Boys are full of energy. They need to burn it off.
Teachers need for boys to burn the energy off.
What is fifteen minutes in the grand scheme of things? Thirty minutes would be even better. Get kids out in the field and do five laps around the school. Even walking at a brisk pace. Too cold? This is Calgary after all. Get them to stand up beside their desks. In the hallway even. 20 jumping jacks, 20 push ups, run in place for a count of 60 and do it over again twice.
Think they’ll have the wiggles anymore? Maybe one more round of jumping jacks.
Can’t hurt, I think.
In the mornings my boys are usually wound up. Breakfast is done, school stuff packed, teeth brushed and what do they do? Wrestle. Run around the house. I sometimes send the most hyper ones downstairs to jump on our mini-trampoline for 5 minutes. I set the kitchen timer. They come up breathless and still full of energy, but they’re a little more low-key than before.
Send them outside. They’ll run around, grab their Nerf guns and have a big battle for five minutes while I feed the pets and grab my keys.
Whoops. Almost forgot that we aren’t supposed to play with toy guns.
So what would my boys do if I took those toys away? Grab a branch and turn it into a sword.
What’s the big deal? I think the biggest hurdle boys face is being misunderstood.

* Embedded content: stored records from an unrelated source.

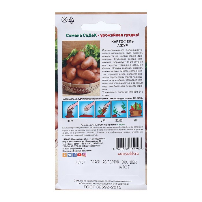 Семена картофель «Ажур», 0.02 г
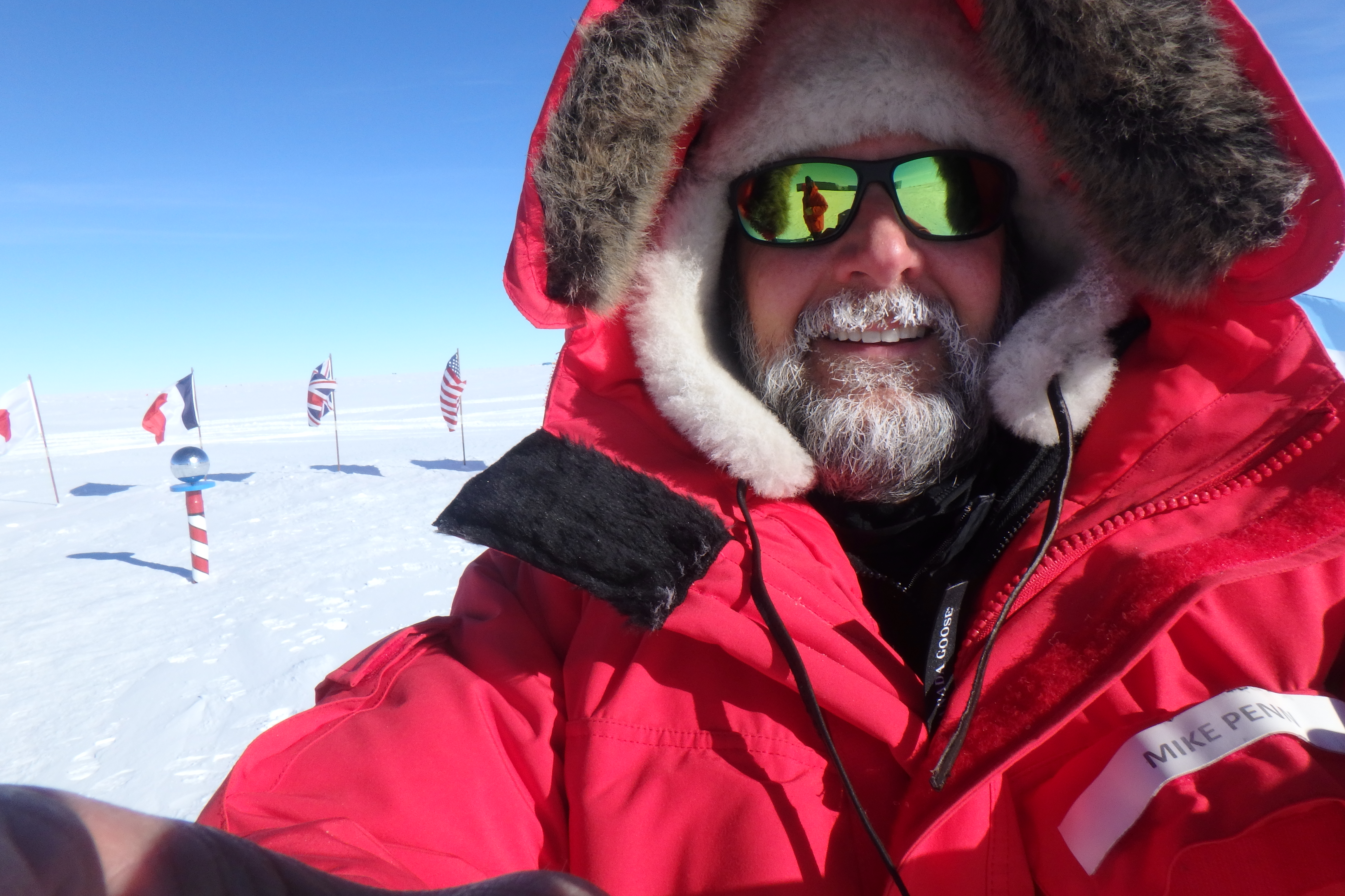 Mike Penn stands at the Ceremonial South Pole, about 50 meters from the South Pole Station and 100 meters from the Geographic South Pole. Amundsen–Scott South Pole Station, Antarctica.
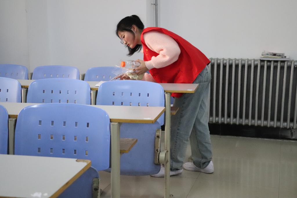 活动以“小组分工”的方式进行。活动开始前,负责人对卫生区域、工作内容、清扫工具进行了具体分配。活动中,志愿者们分工明确、相互配合、不怕脏不怕累,认真擦拭黑板课桌灰尘、清洁桌面胶印污迹、清扫地面垃圾。经过此次清扫活动,教室整体环境焕然一新。
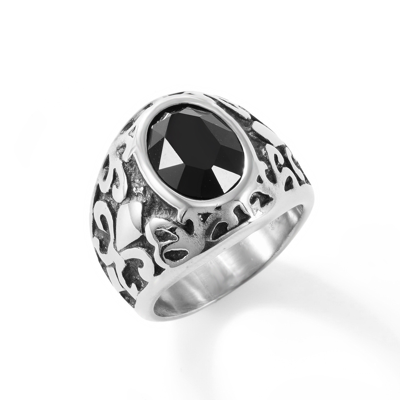 European and American Cross-Border Jewelry, Fashionable Geometric Square Red Gemstone Ring, Versatile Ring for Men's Business Work Clothing
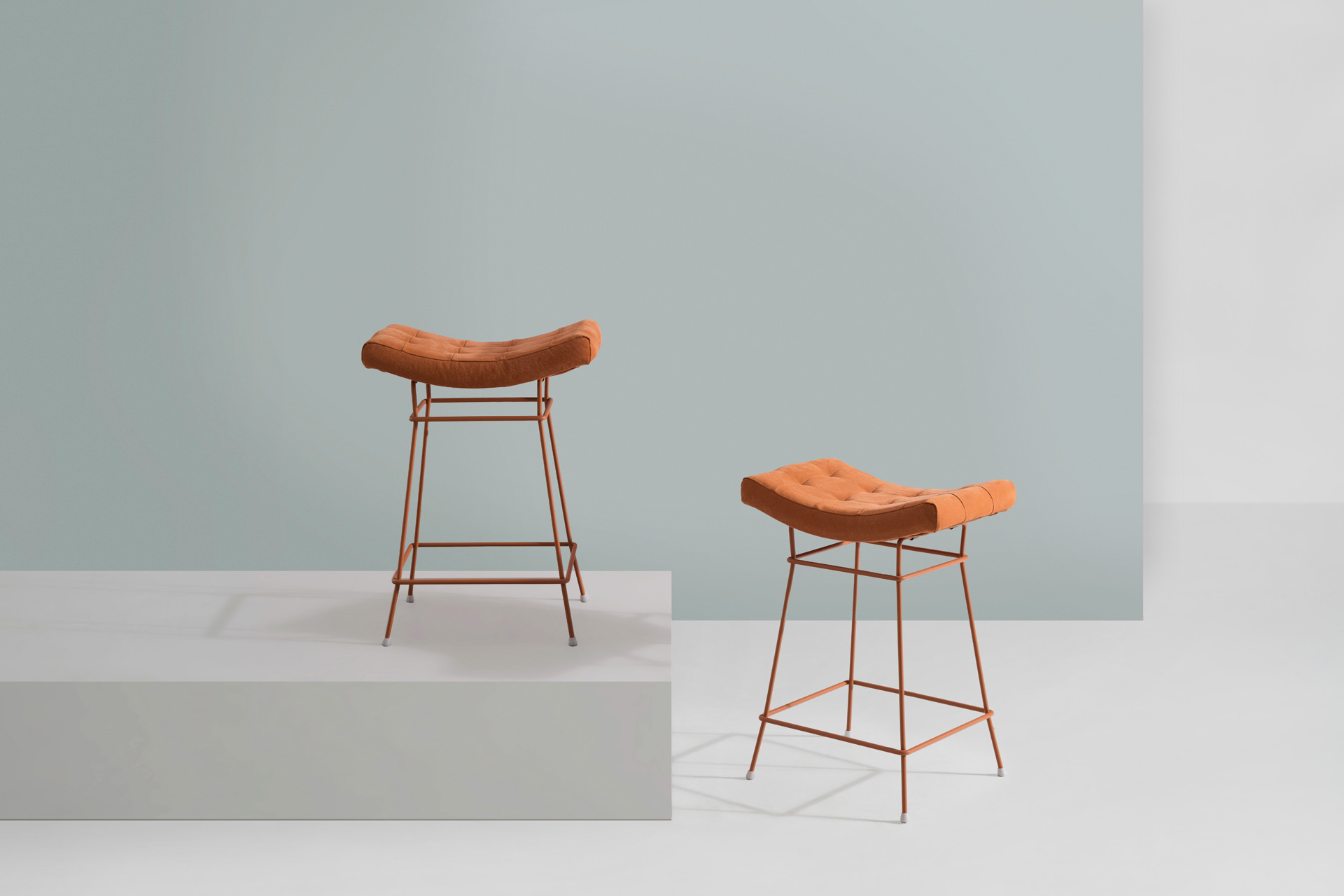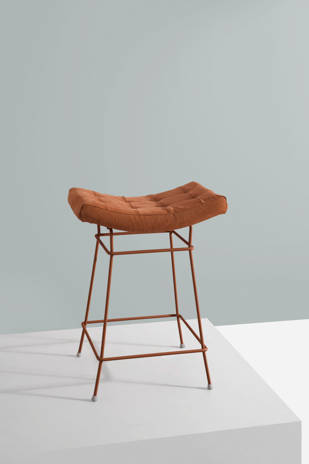 Estrutura em aço carbono maciço com pintura eletrostática a pó e assento em compensado laminado curvo com estofamento em tecido ou couro sintético.
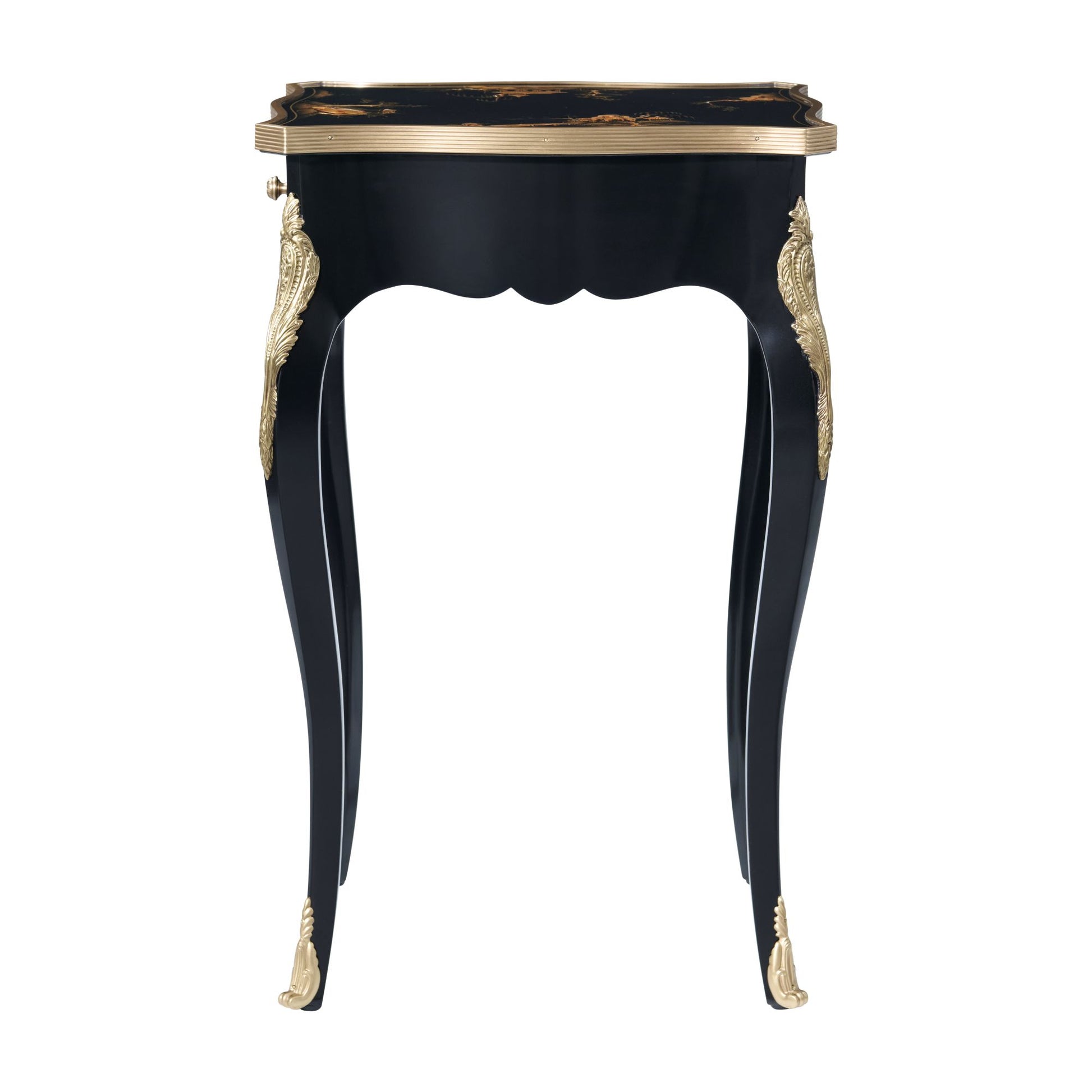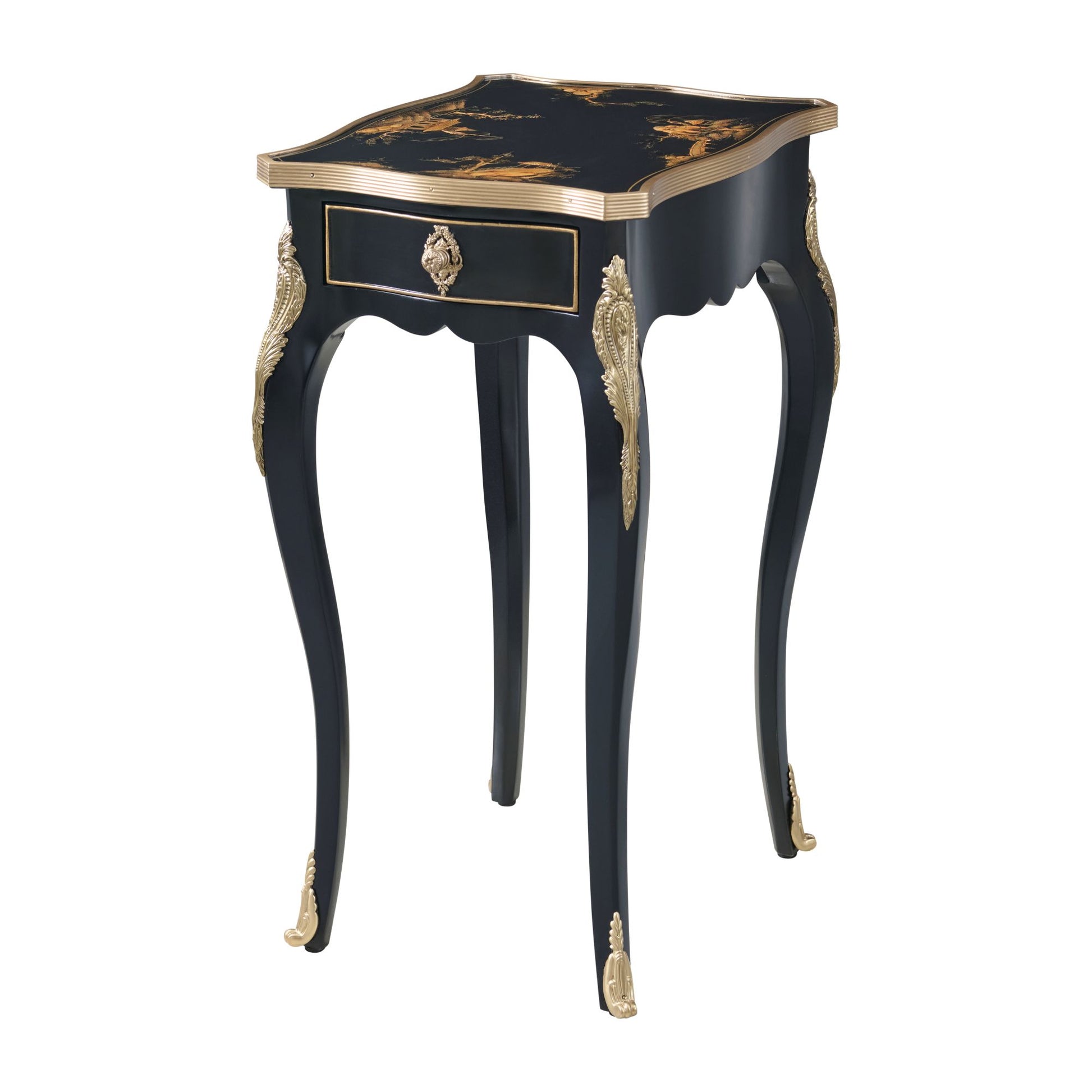 The Chinoiserie Tranquillity Accent Table brings serene elegance to any space with its hand-adorned chinoiserie tabletop and protective glass overlay. A single pull-out drawer, gracefully curved legs, and steel-cast nature-inspired Indochine accent hardware combine beauty with subtle functionality.

They’re not always misbehaving. They’re full of energy.
I was thinking the other day about how my little brother probably got a bad rap growing up. Here he is, an active boy into Star Wars, and Hot Wheels. Full of energy and always on the go. Struggling with school. And then his older sister doesn’t have half the energy he does, can read for hours in her room and loves school.
Think he had it easy? Who do you think the parents came down on for acting up and for school marks?
And I’ll admit, at the time, I worked that angle. I was li’l Miss Perfect and basked in the rays of being oh-so-fabulous.
My brother? He definitely got the short end of the stick when it came to school marks and expectations.
I’ve talked with a few friends who have a boy and a girl. They are sometimes so incredibly exasperated with their son.
What do you expect? The daughter can go and colour for an hour at a time. The son wants to head out and put the bad guys in jail, wrestle with someone, build a Lego dungeon and create a robot. All in the span of ten minutes.
Now being a gal myself, I still don’t really get boys. I’ve been married for 15 years this year and with my hubby for 18 years total and I’ve been a Momma for almost 10 years. Think I know what I’m doing? Not a chance. These are just things that I think could work, might work and sometimes I don’t even practice what I preach and find that yelling at these crazy kids is sometimes the most effective thing of all!
I’ll just continue to hope that these awesome boys will grow into men who are strong enough to shrug off all the BS the world is so ready to hand them.
They already have it down to a science being able to shrug off anything their parents say. Fingers crossed they can do that with society too.